HUNTSVILLE, Ala. — Gov. Bob Riley has an economic-development plan with a twist. He wants to attract business with the largest tax increase in state history.

"It's a very pro-business tax proposal," he said of his $1.2 billion plan. That's twice as much as needed to balance the current budget.

He says businesses won't move here unless Alabama can climb out of its traditional spot scraping the bottom of national education rankings.

The plan has set off a battle between the bastions of Alabama's old economy — farming and timber — and those who buy the governor's vision for one of the country's poorest and least-educated states, including Mercedes Benz, whose Alabama luxury-SUV assembly line is the jewel in the state's recent history of economic development.

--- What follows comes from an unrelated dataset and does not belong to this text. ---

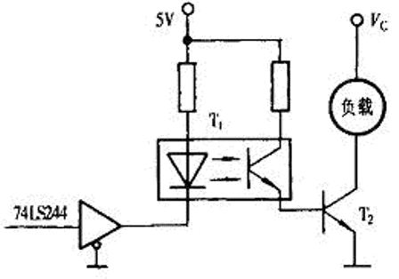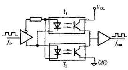 用2隻光電耦合器T1,T2接成互補推挽式電路,可以提高光耦的開關速度,如圖5所示。當脈衝上升為“1”電平時,T1截止,T2導通。相反,當脈衝為“0”電平時,T1導通,T2截止。這種互補推挽式電路的頻率特性大大優於單個光電耦合器的頻率特性。

Riley has had some luck convincing Alabama businesses it's time to raise taxes. He even won over what people here call "the big mules," the industrial powers that for years kept a lock on the Legislature and prevented tax increases.

The economic-development pitch is not theoretical. The state is in the midst of trying to woo Boeing to Alabama. Or, to be exact, to add a 7E7 assembly plant to Boeing's space and defense operations that already employ 3,000 people in Huntsville and nearby Decatur.

Bill Smith, a coffee-company executive in Birmingham, is sure Boeing would approve of Riley's plan. "Boeing is a leader in the education-reform movement," he said. "They understand education, they understand what it costs, they understand how it should be structured. They have to look favorably on the things Governor Riley proposes to do."

A history of incentives

It seems counterintuitive. Most other states competing for the Boeing plant are talking about cutting taxes, no place more so than Washington, which approved $3 billion in tax breaks for the company and its suppliers if the plant is built in the state.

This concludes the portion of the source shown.